# what am i doin wrong?



## ladysmom (Dec 21, 2007)

our puppy is 5 months old well he does good in her crate for long periods of time but when we let her out we take her directly out potty but then maybe 20 min to an hour she has to go again. is this normal? any help would be greatly appreciated.


----------



## Oaklys Dad (Dec 28, 2005)

That sounds like the routine around here too. My guys go outside once or twice in the morning, once or twice at lunch and 3-4 times in the evening.


----------



## Judi (Feb 26, 2007)

What makes you think you are doing anything wrong?
A puppy's bladder is not fully developed.


----------



## EddieME (Nov 25, 2007)

Oaklys Dad said:


> That sounds like the routine around here too. My guys go outside once or twice in the morning, once or twice at lunch and 3-4 times in the evening.


Yikes, you gotta stop letting them drink your beer!


----------



## Oaklys Dad (Dec 28, 2005)

EddieME said:


> Yikes, you gotta stop letting them drink your beer!

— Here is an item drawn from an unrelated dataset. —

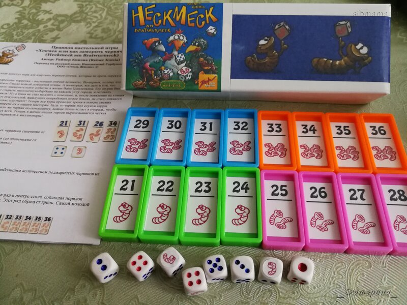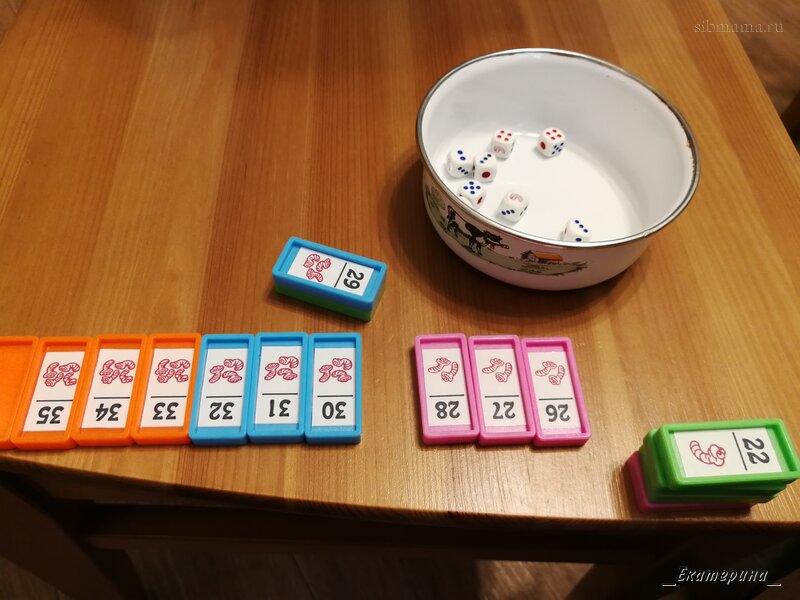 Например, 1 бросок - взял три 5, 2 бросок - взял 2 червяка, 3 бросок - одна 4, этот ход дал 29 очков, с гриля можно взять порцию червяков с рейтингом 29 или ниже. На кубиках обязательно должен быть червяк, если ни разу не удалось взять червячка, то ход считается неудачным. Порции червяков складываются в стопочкой в порядке приобретения, перемешивать стопки нельзя. Бросать кубики можно прекратить в любой момент, но набранных кубиков должно хватить на порцию червяков. Если, при очередном броске, выпали только те цифры, которые уже есть у игрока, то ход считается неудачным. Если суммы не хватило на приобретение порции червяков, то такой ход тоже считается неудачным. При неудачном ходе верхняя порция возвращается на гриль, а порция с самым большим рейтингом переворачивается и больше не участвует в игре. Если на гриль возвращается порция с наибольшим рейтингом, то она не переворачивается. Ещё можно стащить у соперников верхнюю порцию червяков из стопки, если на кубиках выпало число, точно совпадающее с рейтингом порции соперника :haha: , доче эта часть игры понравилась больше всего :haha: . Игра заканчивается, когда разобрали все порции с гриля (кроме перевёрнутых), побеждает игрок, у которого больше червяков в порциях.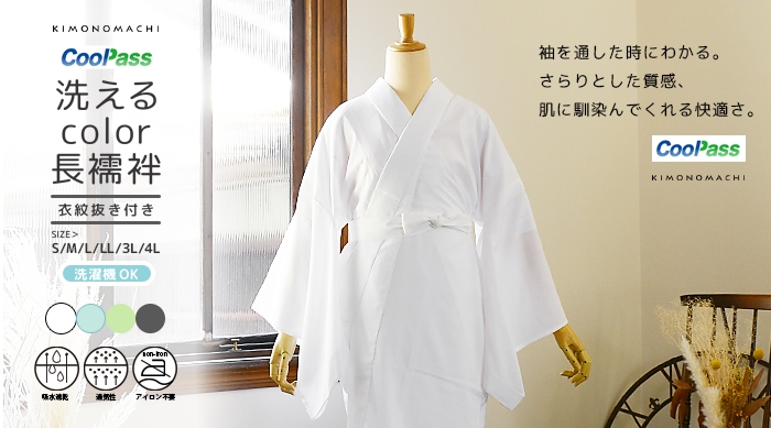 暑い時期の和装を快適にする、高機能ポリエステル素材CoolPassを使用した長襦袢です。吸水性と高い水分拡散力が好評のCoolPassは、さらりとした着心地で、暑い時期の着物のインナーとしても優秀。

Yup I need to put in a revolving door. I've just never called Oakly's bluff when he asks to go out and with Caue here he has to go out whenever Oakly goes out.


----------



## Heidi36oh (Feb 27, 2007)

Sounds normal to me, we have a doggie door so they can go anythime they want, but a pup that age needs to go alot more at night for some reason


----------



## BeauShel (May 20, 2007)

If you are worried, you might take her to get checked for a UTI. At five months they should be able to hold it alittle longer but every dog is different.


----------



## Jersey's Mom (Nov 25, 2007)

Also try to take into consideration how much water your pup is taking in. I know my boy goes out to relieve himself approximately twice as often as my father's dogs. He's 2 years old, so bladder control isn't an issue. It just comes down to the fact that he takes in MUCH more water than they do. But as someone else mentioned, if you are concerned go ahead and have her checked for a UTI. At the very least, it will give you some peace of mind. Good luck with your new pup!!

Julie and Jersey


----------